We should try as much as possible, for example, to avoid motorized travel by cutting the frequency and length of car trips through better urban planning. Promoting mixed-use neighborhoods—areas that put work and residence in proximity—would allow more bicycling and walking.
Between 2007 and 2011, the city of Seville built an
extensive cycling network, increasing the number of daily bike trips from about 13,000 to more than 70,000—or 6 percent of all trips. In Copenhagen, cycling accounts for 16 percent of all trips. Cities around the world are experimenting with a wide range of other supporting initiatives, such as Barcelona’s superblocks, regions smaller than a neighborhood that are designed to be hospitable to walking and cycling. Congestion charges have been levied in Stockholm and London to limit car traffic. Paris has gone further, with a forthcoming private-vehicle ban. Taken together, changes in urban form can reduce transport energy demand by 25 percent, according to a recent installment of the Sixth Assessment Report from the Intergovernmental Panel on Climate Change.
We should also shift from using cars, which often have just one person inside, to less energy-intensive modes of travel, such as public transit. Ridership on buses and trains can be increased by improving connectivity, frequency, and reliability. Regional rail could supplant much intercity driving. At high occupancy, buses and trains can typically keep their emissions to below 50 grams of carbon dioxide per person per kilometer, even when powered by fossil fuels. In electrified modes, these emissions can drop to a fifth as much.

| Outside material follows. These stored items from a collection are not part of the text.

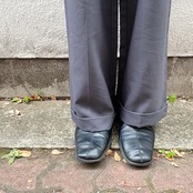 絶妙なブルーグレーの色味がお洒落なスラックスパンツです。薄手で着心地も良く履きやすい一本です。
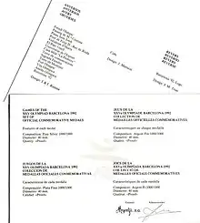 Le , le chef de la direction de l'organisation des Jeux olympiques Barcelona'92, Josep Miquel Abad et la gérante de la société Argentfí SA (Société avec siège à Barcelone qui a cessé son activité en 2001), Josefa Martínez Ortega, ont signé un contrat en vertu duquel le COOB’92 (Comité Organisateur des Jeux Olympiques Barcelona '92) octroyait la concession à cette société pour la fabrication, l'émission et la commercialisation de la série de médailles commémoratives officielles des Jeux de la XXVe Olympiade d'été.
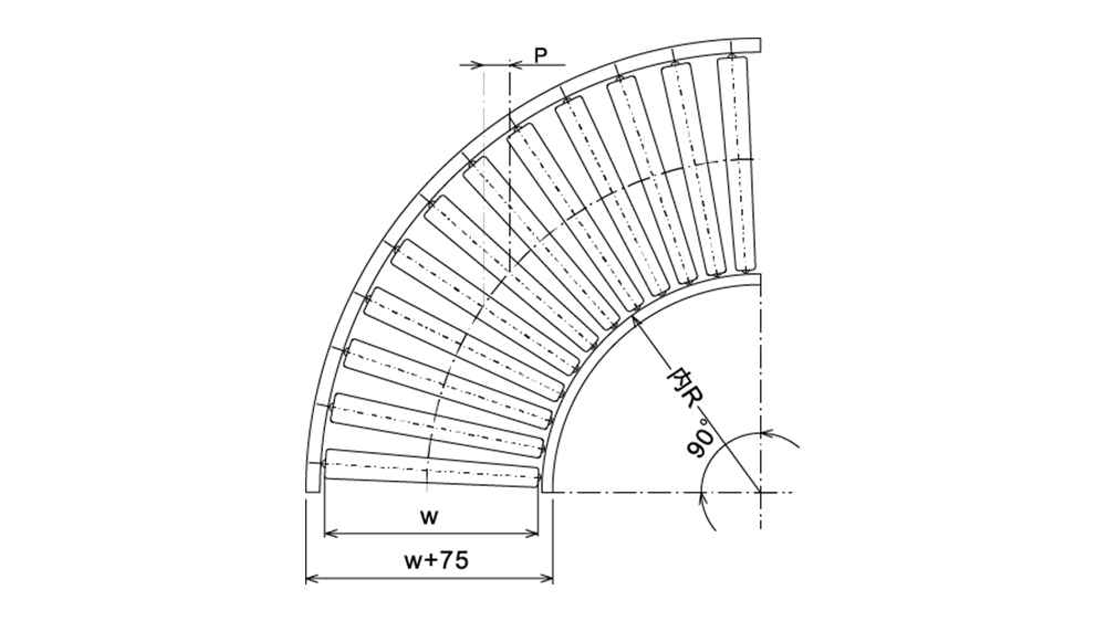 Poznat i kao transporter valjka za krivulju, transporter konusa konusa omogućuje kutove okretanja od 30, 45, 60, 90 i 180 stupnjeva. Uglavnom se koristi za promjene smjera u transportnim linijama, s 30, 45 i 60 stupnjeva koji se često koriste za razgranavanje i spajanje transportera. Ovaj transporter je lagana vrsta s opterećenjem uglavnom ne veće od 200 kg.
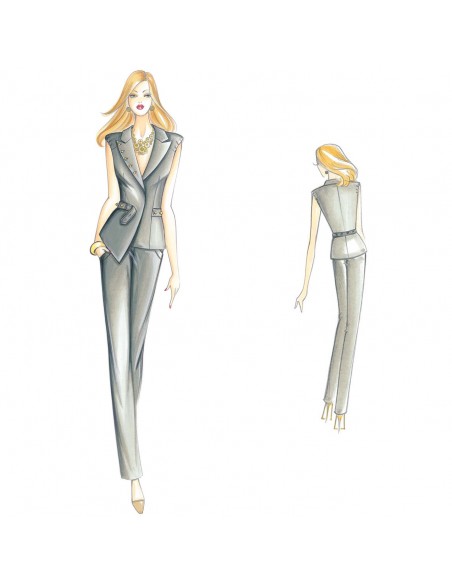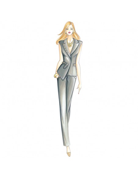 Gilet a doppo incrocio tagliato diagonalmente creando punta al fondo con cintura a listello in vita, collo dai revers a lancia di cui uno percorso da bottoncini e spalle imbottite. Realizzabile in denim, gabardine, fresco di lana, ecopelle. Gonna n. 2509.
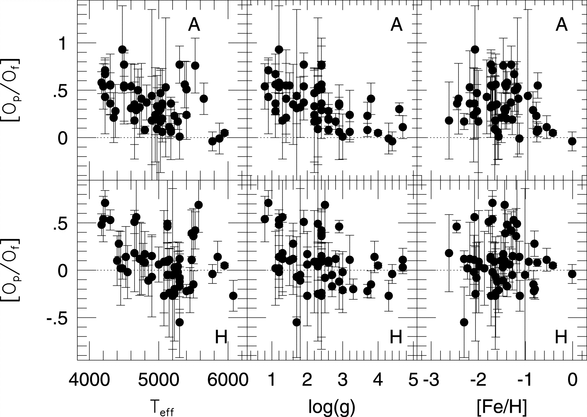 Difference in the oxygen abundances as a function of stellar parameters for the two temperature scales
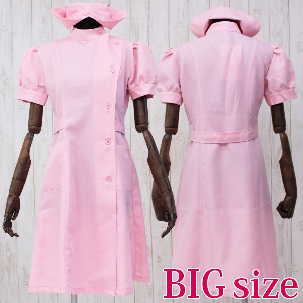 BIGサイズ:B98〜108cm・W86〜96cm ワンピース:着丈110cm 肩幅48cm 首周り45cm 袖丈28cm 袖口周り35cm セット内容:ワンピース(前ボタン留め・立て襟・ポケット付き・裏地無し)、ナースキャップ 素材:ポリエステル100%

Between 2009 and 2019, Singapore’s investment in mass rapid transit helped reduce the share of private vehicle transport from 45 percent to 36 percent. From 1990 to 2015, Paris slashed vehicle travel by 45 percent through sustained investment in both public transit and active transit infrastructure.
Implementing these complementary strategies could ease the transition to EVs considerably. We shouldn’t forget that addressing the climate crisis requires more than just technology fixes. It also demands individual and collective action. EVs will be a huge help, but we shouldn’t expect them to do the job alone.